Так гармонично сливается у Верхарна и огромное уважение к исканию истины и интеллекту, и понимание того, что активная жизнь в ее целом обнимает его как частность и не боится его границ.

В великолепном стихотворении «Слово»14 есть громадной значительности определение сознания, полное благородной человеческой гордости.

Говоря о зарождении человеческой речи, поэт вещает нам: «Так реальность разделилась, вся живая, в его разуме, и он (человек) в восторге, словно ослепленный, шествовал в этом новом мире, им самим созданном, в мире слова».

И, сам охваченный этим восторгом, Верхарн призывает: «Расскажите о глухих ритмах всей вселенной! Надо определить ее ход и ее беглые образы во внезапной речи.

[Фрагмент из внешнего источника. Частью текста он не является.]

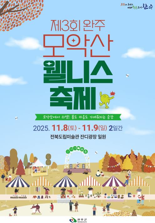 [파이낸셜경제=김영란 기자] 완주군은 오는 11월 8일부터 9일까지 전북도립미술관 야외광장 일원에서 웰빙, 건강, 행복을 주제로 ‘제3회 완주 모악산 웰니스 축제’를 개최한다.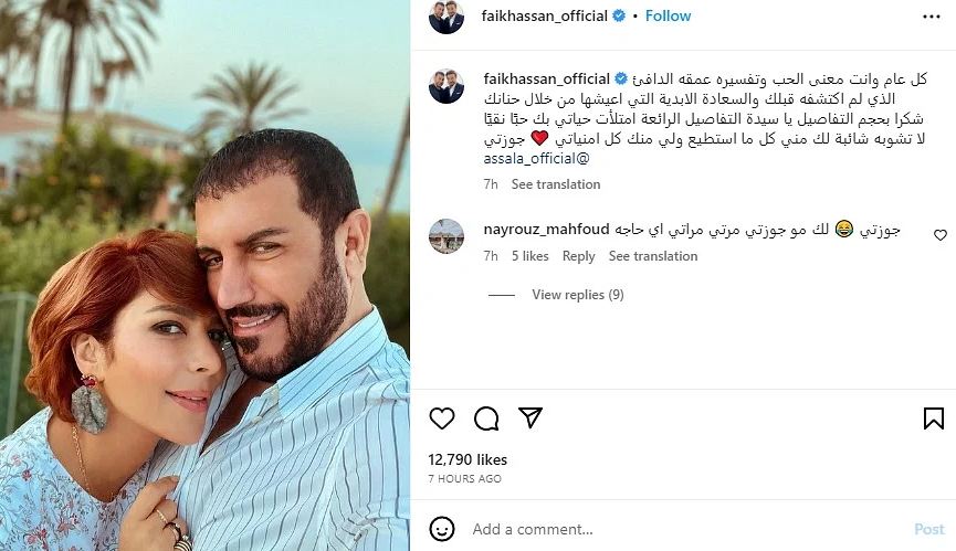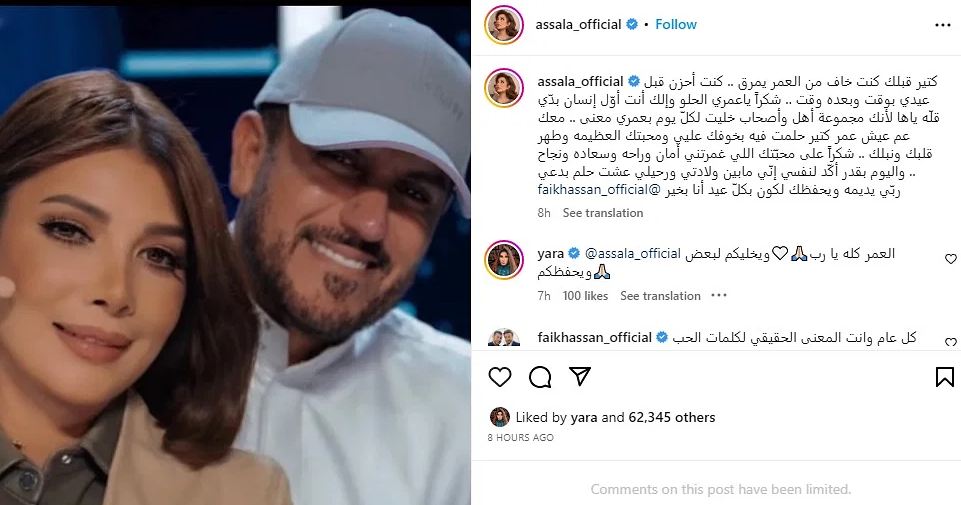 بدورها، غازلت أصالة زوجها وأعربت عن حبها الكبير له في عيد ميلادها، حيث نشرت صورة تجمعها به، وعلقت عليها قائلة: "كتير قبلك كنت خاف من العمر يمرق.. كنت أحزن قبل عيدي بوقت وبعده وقت.. شكرًا ياعمري الحلو وإلك أنت أوّل إنسان بدّي قلّه ياها لأنك مجموعة أهل وأصحاب خليت لكلّ يوم بعمري معنى".

Взять звуки и краски у морщинистого океана, у горделивой воды, у скачков ветра, у битвы громов, у кротости женских шагов по земле, у сияния глаз, у милосердого пожатия рук, у всего, что движется, простирается, ломается, связуется, схватить все это и заключить в своем мозгу, чтобы всему дать высшее существование в новой бесконечности — в сознании».

Верхарн знает, что только человек связует в единство окружающий его материальный мир: «Единство мира в тебе, ты одинок, человек, но ты можешь восхищаться собою и всем в себе, и, если тебе нужен бог, — сам стань своим богом».15

Эмоциональным основанием такого отношения к познанию является страстная любовь Верхарна ко всякой энергии. Чем более бурно и мощно движение, тем горячее откликается на него титаническое сердце поэта.

Когда вслед за беглецами разоряющихся деревень Верхарн пришел в объятия города–спрута, он, еще полагая его силу вполне злою, уже влюбился в ее мощное биение. Но и позже и всегда усилие находит для него оправдание в себе самом и в порождаемом им новом размахе силы. Постоянно Верхарн восклицает: что за дело до страданий, до жертв, лишь бы росла человеческая сила, лишь бы жизнь устремлялась к максимальному своему выражению!16

Как социальную формацию, заряженную энергией, ценит больше всего Верхарн и города.

Сколько поразительных стихотворений посвящено характеристике городов?!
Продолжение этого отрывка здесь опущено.